WHAT YOU HAVE TO DO -> Aside from the pictures, copy the listing exactly.

RECORDS PROVIDED ->
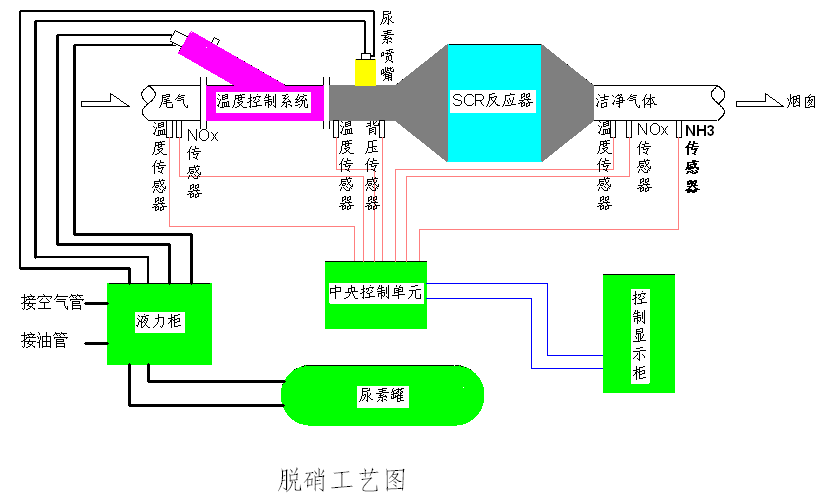 SCR脫硝設備主要由反應器、尿素存儲罐、尿素噴射箱、噴射柜、噴嘴、SCR控制、SCR反應室等部分組成。當煙氣經過SCR反應器的催化層時,發生選擇性催化還原反應。
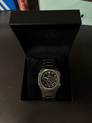 Reloj analógico BMW Motorroad conmemorativo del 30 aniversario. - Esfera negra con detalles plateados. - Bisel con taquímetro. - Correa de acero inoxidable. - Mecánica suiza. - Va con su caja - No tengo factura por qué ha sido un regalo de BMW.
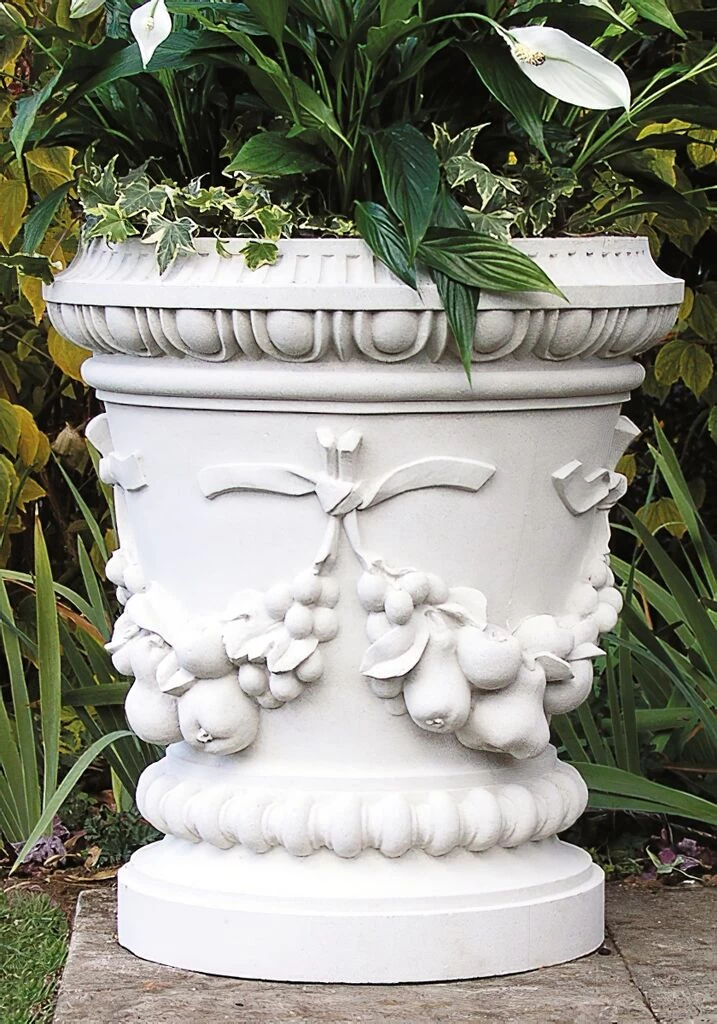 Wavendon Hall zeichnet sich durch ein eindrucksvolles antikes Design aus, welches kunstvoll und stilecht den XXL Vasenkörper ziert. Ein perlenschnurförmiges Band umschließt die Steinamphore, Birnen und Trauben sind liebevoll an Bändern befestigt. Der Rand besticht durch eine reiche Verzierung mit kunstvollen Ornamenten. Aufgrund der großen Gestalt ist das Pflanzgefäß hervorragend für hochwüchsige Gewächse geeignet. Die historische Gartenamphore ist ein Blickfang in jeder Umgebung und lässt Gärten, Verandas sowie Innenräume in antikem Glanz erstrahlen. Nicht nur Gartenliebhaber werden von diesem Pflanzgefäß begeistert sein, auch Liebhaber historischer Amphoren.
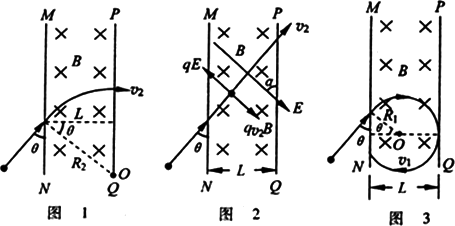 (1)如图1所示,经电压 加匀强电场后,粒子在磁场中沿直线运动射出PQ边界的条件为Eq=Bq 由此可得出 (2)经电压
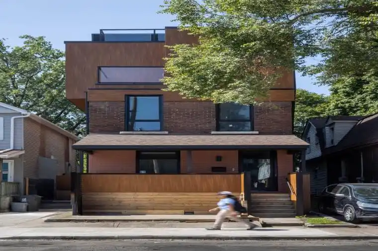 Spanning approximately 1,550 square feet across multiple levels, this newly built (2023) residence at 60 Jones offers a rare balance of architectural design and genuinely livable space. Developed by Bicycle Properties as a purpose-built rental, the home is thoughtfully laid out to provide both openness and separation. The main level features a generous open-concept living and kitchen area with an oversized island, full-height cabinetry, and integrated storage. Clean lines, wide-plank flooring, and 10′ ceilings create a calm, cohesive interior, while large west-facing windows bring in soft afternoon light and treetop views. Upper levels provide well-defined bedroom spaces with built-in storage and a refined ensuite, all culminating in a private rooftop terrace that extends the living space outdoors. Features: Layout & Space. Approx. 1,550 sq ft across multiple levels. 2 bedrooms, 3 bathrooms. Designed for both openness and privacy. 10′ ceilings throughout. Kitchen: Oversized island with seating and integrated storage. Full-height cabinetry. Stone countertops. Undermount sink. Wine fridge. Full-size appliances. Living & Finishes: Wide plank wood flooring throughout. Clean, modern architectural detailing. West-facing exposure with treed outlook. Bedrooms: Both bedrooms include built-in closets. One bedroom with full wall of custom storage. Bathrooms: 3 bathrooms total. Ensuite with glass shower and freestanding tub. Additional full bathroom + powder room. *For Additional Property Details Click The Brochure Icon Below*
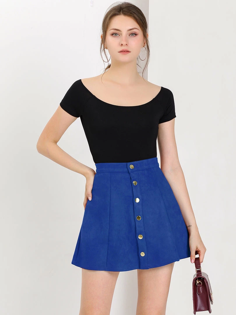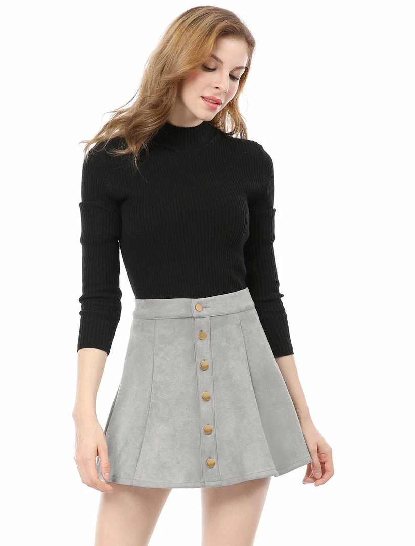 • Transition your leg-flaunting looks into cooler weather with a miniskirt cut from ultrasoft faux suede with front single breasted.
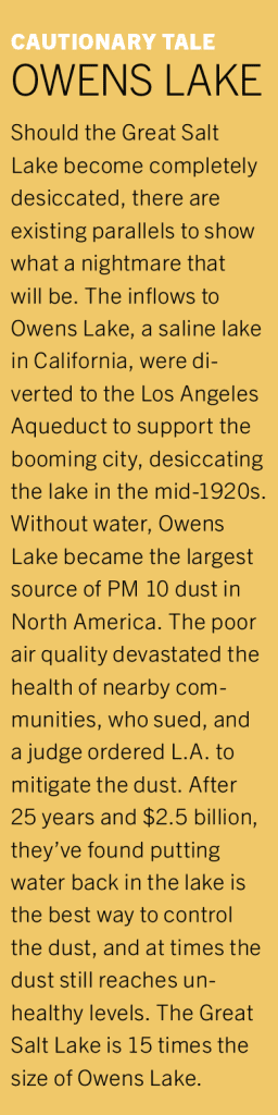 Not every idea has gotten traction. Notably, there was a proposal to create a 700-mile pipeline from the Pacific Ocean to the Great Salt Lake. “We need to start considering how long some of these projects would take,” says Vernon. “It could take decades for a project like that to get underway and the lake could be in pretty poor shape by then.”

SOLVED PROBLEM ->
 SCR脫硝設備主要由反應器、尿素存儲罐、尿素噴射箱、噴射柜、噴嘴、SCR控制、SCR反應室等部分組成。當煙氣經過SCR反應器的催化層時,發生選擇性催化還原反應。
 Reloj analógico BMW Motorroad conmemorativo del 30 aniversario. - Esfera negra con detalles plateados. - Bisel con taquímetro. - Correa de acero inoxidable. - Mecánica suiza. - Va con su caja - No tengo factura por qué ha sido un regalo de BMW.
 Wavendon Hall zeichnet sich durch ein eindrucksvolles antikes Design aus, welches kunstvoll und stilecht den XXL Vasenkörper ziert. Ein perlenschnurförmiges Band umschließt die Steinamphore, Birnen und Trauben sind liebevoll an Bändern befestigt. Der Rand besticht durch eine reiche Verzierung mit kunstvollen Ornamenten. Aufgrund der großen Gestalt ist das Pflanzgefäß hervorragend für hochwüchsige Gewächse geeignet. Die historische Gartenamphore ist ein Blickfang in jeder Umgebung und lässt Gärten, Verandas sowie Innenräume in antikem Glanz erstrahlen. Nicht nur Gartenliebhaber werden von diesem Pflanzgefäß begeistert sein, auch Liebhaber historischer Amphoren.
 (1)如图1所示,经电压 加匀强电场后,粒子在磁场中沿直线运动射出PQ边界的条件为Eq=Bq 由此可得出 (2)经电压
 Spanning approximately 1,550 square feet across multiple levels, this newly built (2023) residence at 60 Jones offers a rare balance of architectural design and genuinely livable space. Developed by Bicycle Properties as a purpose-built rental, the home is thoughtfully laid out to provide both openness and separation. The main level features a generous open-concept living and kitchen area with an oversized island, full-height cabinetry, and integrated storage. Clean lines, wide-plank flooring, and 10′ ceilings create a calm, cohesive interior, while large west-facing windows bring in soft afternoon light and treetop views. Upper levels provide well-defined bedroom spaces with built-in storage and a refined ensuite, all culminating in a private rooftop terrace that extends the living space outdoors. Features: Layout & Space. Approx. 1,550 sq ft across multiple levels. 2 bedrooms, 3 bathrooms. Designed for both openness and privacy. 10′ ceilings throughout. Kitchen: Oversized island with seating and integrated storage. Full-height cabinetry. Stone countertops. Undermount sink. Wine fridge. Full-size appliances. Living & Finishes: Wide plank wood flooring throughout. Clean, modern architectural detailing. West-facing exposure with treed outlook. Bedrooms: Both bedrooms include built-in closets. One bedroom with full wall of custom storage. Bathrooms: 3 bathrooms total. Ensuite with glass shower and freestanding tub. Additional full bathroom + powder room. *For Additional Property Details Click The Brochure Icon Below*
 • Transition your leg-flaunting looks into cooler weather with a miniskirt cut from ultrasoft faux suede with front single breasted.
 Not every idea has gotten traction. Notably, there was a proposal to create a 700-mile pipeline from the Pacific Ocean to the Great Salt Lake. “We need to start considering how long some of these projects would take,” says Vernon. “It could take decades for a project like that to get underway and the lake could be in pretty poor shape by then.”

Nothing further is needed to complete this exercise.